The treaty provides for reviews every five years and its non-nuclear weapon state members have been increasingly dismayed by the N5’s reluctance to honour their commitment. What is significant about this review conference is the emergence of a group of nations which have piloted a new nuclear weapon ban treaty at the UN.

Called the Treaty on the Prohibition of Nuclear Weapons (TPNW), the legally binding international agreement brings into focus some of the most critical global security issues – the catastrophic consequences of nuclear weapons and the often ignored humanitarian dimension.

In a rare but significant castigation, UN Secretary-General Antonio Guterres at the TPNW meeting last month denounced nuclear weapons as a “global scourge” and a “deadly reminder of countries’ inability to solve problems through dialogue and collaboration”.

The TPNW has 66 states and 86 signatories and this group will lock horns with the nuclear weapon states which remain sceptical about disarmament. The divide within the N5 will further exacerbate matters at the NPT Review Conference.

The war in Ukraine has revealed the depth of animosity and hostility between the US and its allies against Russia, and this is further compounded by US-China tensions. The US and Russia have the largest nuclear arsenals, followed by China, whose arsenal is at a distant third – but ramping up.

Japanese Prime Minister Fumio Kishida is expected to address the NPT Review Conference and this will be deeply symbolic, given that he represented Hiroshima as a legislator.

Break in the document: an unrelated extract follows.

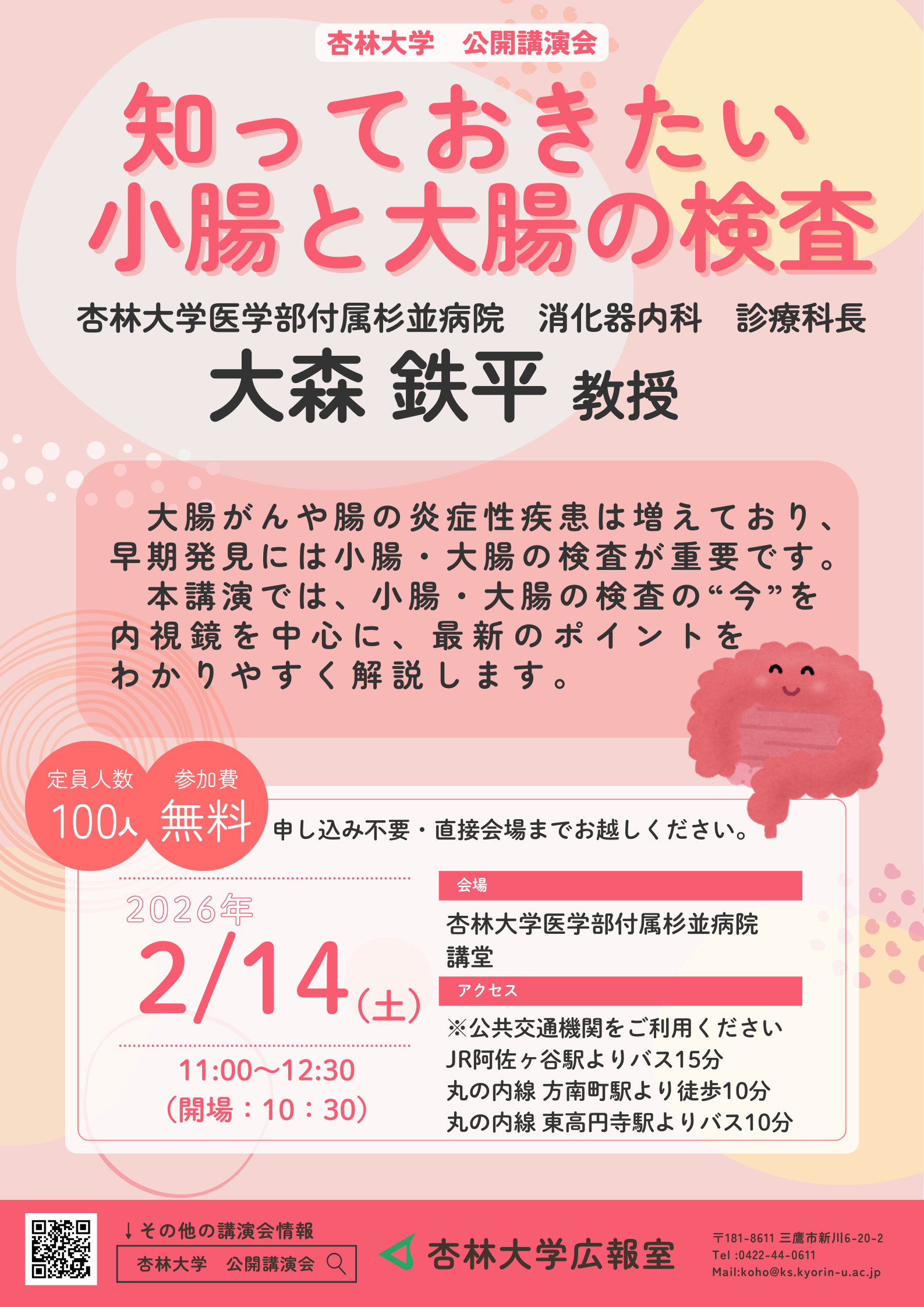 2月14日(土)公開講演会「知っておきたい小腸と大腸の検査」のご案内

Japan has an anomalous position, wherein Tokyo remains wedded to nuclear disarmament but is constrained to accept the US nuclear umbrella for its security.

The global nuclear reality is that the nuclear weapon states refuse to reduce the salience of nuclear weapons in their security doctrines and, on the contrary, are increasing the size and lethality of their arsenals.

The post-Cold War lesson internalised by vulnerable nations is that the possession of nuclear weapons is an insurance against regime change, and that Iraq and Ukraine are illustrative examples. Hence Iran and North Korea pose a challenge to the binary of the nuclear non-proliferation treaty, and thus Kishida’s determination to serve as a bridge between nuclear-weapon states and non-nuclear-weapon states in striving for a world without nuclear weapons may remain unrealised.

Major-power dissonance is growing across the spectrum and the sagacity of leadership is inversely proportional to the scale of the challenge. Short-term domestic agendas are driving decision-making and, in this disturbing geopolitical flux, the need to quarantine the nuclear weapon to its core mission of deterrence is critical and urgent. One can only hope that the 10th NPT Review Conference does not crash and burn.